[Data items]
++++++++++++++++++++

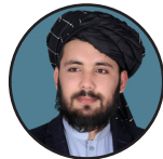
لیکنه: قاضي نجیب الله جامع

له همدې امله افغانان باید د امریکایي چارواکو او نورو سیاستوالو ناوړه خبرو ته عملي غبرگون ونښي. عملي او معقول غبرگون دا دی چې له خپل افغان ورور سره دښمني پرېږدو، یو بل ته لاس ورکړو او ټول په گډه د امریکایي دسیسو او شومو پلانونو پر وړاندې ودرېږو. همدا شعوري او عملي غبرگون دی. له دې پرته غبرگونونه بې گټې احساسات دي چې زموږ ستونزې نه حلوي.
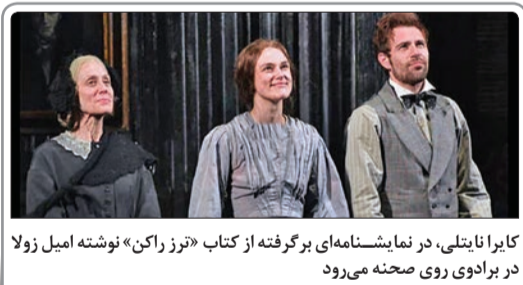
کایرا نایتلی، در نمایشنامه‌ای برگرفته از کتاب «ترز راکن» نوشته امیل زولا در برادوی روی صحنه می‌رود

کامریج در حمایت از مهاجران سوری سخن گفت.
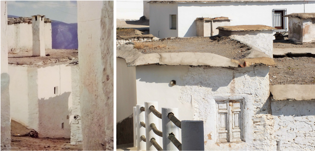
Fotoensayo Alpujarras . Gema Rocío Guerrero Higuera. 2014. Derecha: B. Rudofsky. Alpujarra (Detalle), 1972. Izquierda: Gema G. Guerrero Higuera. Alpujarras # 3. 2014.

2. Sreets for people . En la calle está la diversión. 28
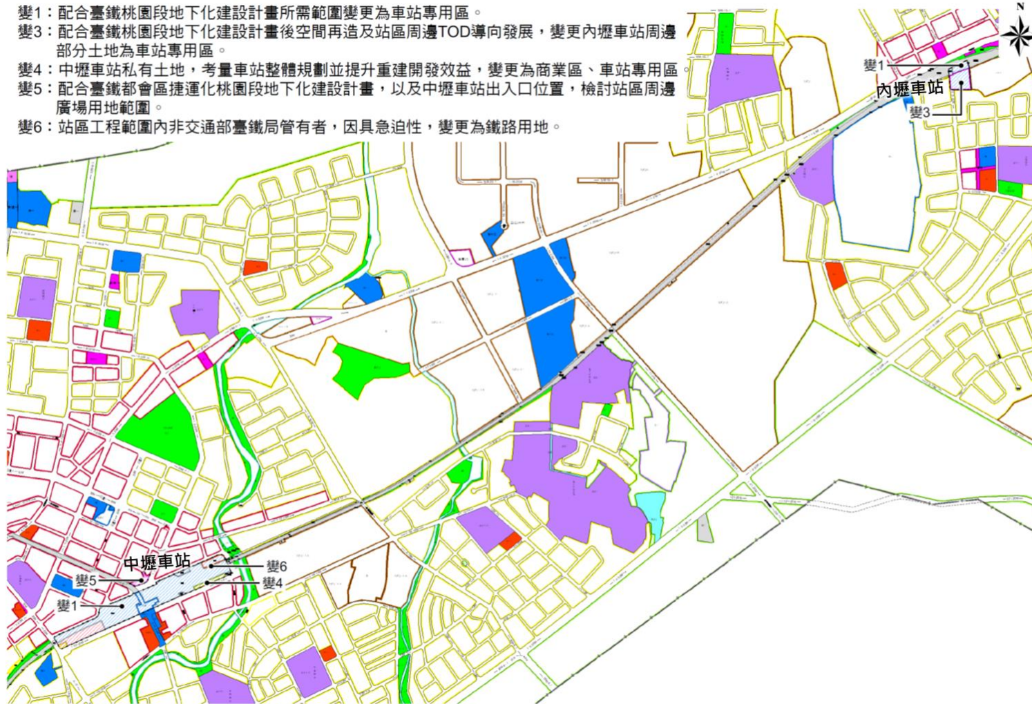
內壢站及中壢站變更位置及內容示意圖
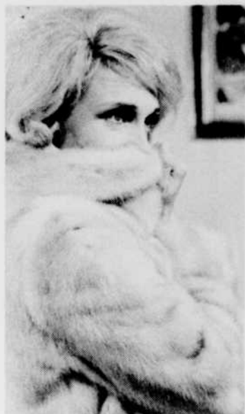
«Les Saintes Chéries», le lundi à 19 h.
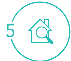
Mesurer les résultats Vérifier les économies d'énergie
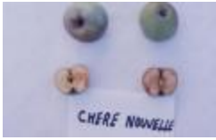
Chère Nouvelle (PAY_GU)
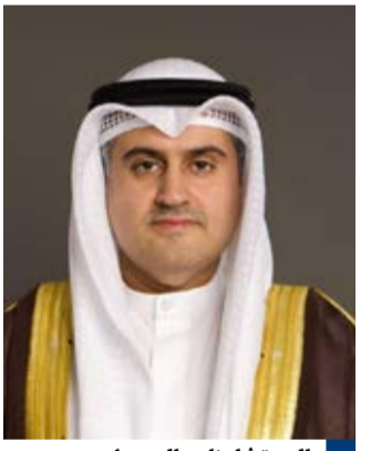
المستشار ناصر السميث

أعلن وزير العدل المستشار ناصر السميث الاثنين إطلاق المرحلة الأولى من النظام الإلكتروني للقضايا الجزائية البسيطة التي يجوز إنهاؤها بالفرامة فقط وفي مقدمتها بعض المخالفات المرورية دون الحاجة إلى إجراءات المحاكمة التقليدية مع بقاء حق من صدر ضده الأمر في الطعن عليه وفقاً للقانون. وبين أن وزارة الداخلية أحالت إلكتروني إلى وزارة العدل عبر النظام الجديد نحو ٨٨٣ ألف أمر جزائي تعود إلى مخالفات مرورية ودقة.
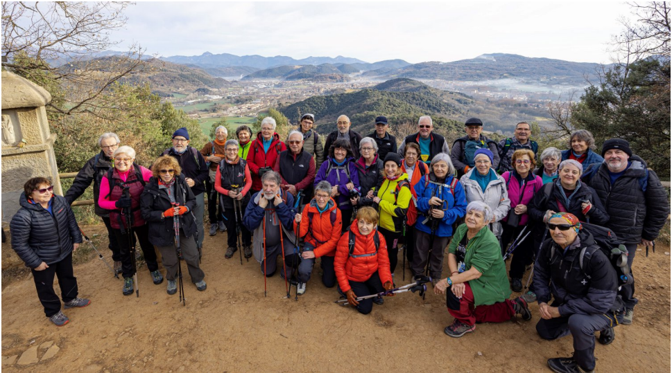
Cim de Sant Valentí.

Quan anem arribant a l'autocar s'ha girat un ventot ben desagradable i agraïm de poder entrar-hi. El viatge de tornada el fem en silenci i mig adormits, fins a l'entrada de la Meridiana, on una cançó que sona per la radio ens fa espavilar i acabem tots cantant i picant de mans. Un bon final per un dia ben agradable.
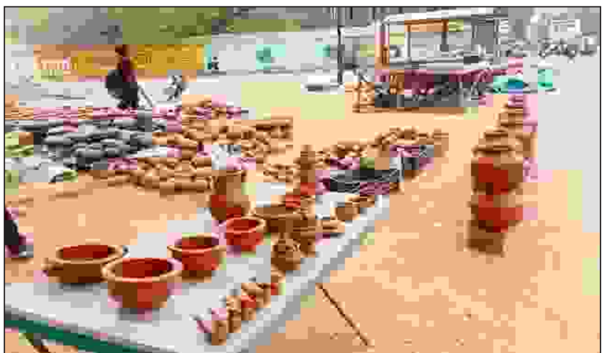
ஈரோடு மாவட்டத்தில் கடந்த சில வாரங்களாக கொளுத்தும் வெயில் காரணமாக, வெப்பநிலை குறையாமல் தொடர்ந்து 100 டிகிரி பாரன்ஹீட்டில் நிலை கொண்டுள்ளது. இந்நிலையில் கோடையில் நிலவும் வெப்பத்தை சமாளிக்க பொதுமக்கள் குளிப்பாணங்கள், இளநீர், தர்பூசணியை சாப்பிட்டு வருகின்றனர். இதன்படி கோடையில், பொதுமக்களின் குளிர்ச்சியான தண்ணீர் பயன்பாட்டிற்காக ஈரோடு மாநகர் கொல்லம்பாளையம் பகுதியில் மண்பாணை விற்பனை அதிகரித்துள்ளதை காணமுடிகிறது.
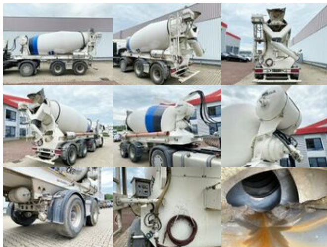
HOENKHAUS 10/5/F/ZA-1800 KARRENA Betonmischer ca. 10m 3 10/5/F/ZA-1800 KARRENA Betonmischer ca. 10m 3 , Liftachse

Preis (brutto): 18.921,00 € Gesetzl. MwSt. 19%: 3.021,00 €
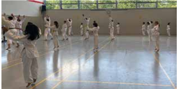
Aufstellung und Warmup in Einem.

du freust dich aufs nächste Training. Als das Gefühl währenddessen und auch auf das Gefühl danach: Etwas Gutes für dich getan zu haben! Die passende Sportart
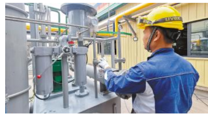
永祥新能源二期现场控制设备参数

媒体在专题报道中指出,永祥高纯晶硅正品的高质量出炉标志着“第六代永祥法”彻底打破了“质量爬坡期”的行业规律,实现了高质量起步,产品一次性即达到领先水平,有力地证明了永祥管理水平、技术研发实力和科技成果转化应用成效,进一步彰显了“改良西门子法”的成熟可靠。永祥新能源二期首批正品一次性成功,也再次夯实了永祥股份全球领先的行业地位。目前,永祥股份已拥有云南保山、内蒙古包头、四川乐山三大基地,2021年底高纯晶硅产能将超过18万吨,预计产能将于2022年达到33万吨。

++++++++++++++++++++

→ **WORK INSTRUCTION**
Copy out exactly the lines between the line containing "du freust dich" and the end of the entries, including both, and leave the pictures behind.

→ **ANSWER TO THE EXERCISE**
du freust dich aufs nächste Training. Als das Gefühl währenddessen und auch auf das Gefühl danach: Etwas Gutes für dich getan zu haben! Die passende Sportart
永祥新能源二期现场控制设备参数

媒体在专题报道中指出,永祥高纯晶硅正品的高质量出炉标志着“第六代永祥法”彻底打破了“质量爬坡期”的行业规律,实现了高质量起步,产品一次性即达到领先水平,有力地证明了永祥管理水平、技术研发实力和科技成果转化应用成效,进一步彰显了“改良西门子法”的成熟可靠。永祥新能源二期首批正品一次性成功,也再次夯实了永祥股份全球领先的行业地位。目前,永祥股份已拥有云南保山、内蒙古包头、四川乐山三大基地,2021年底高纯晶硅产能将超过18万吨,预计产能将于2022年达到33万吨。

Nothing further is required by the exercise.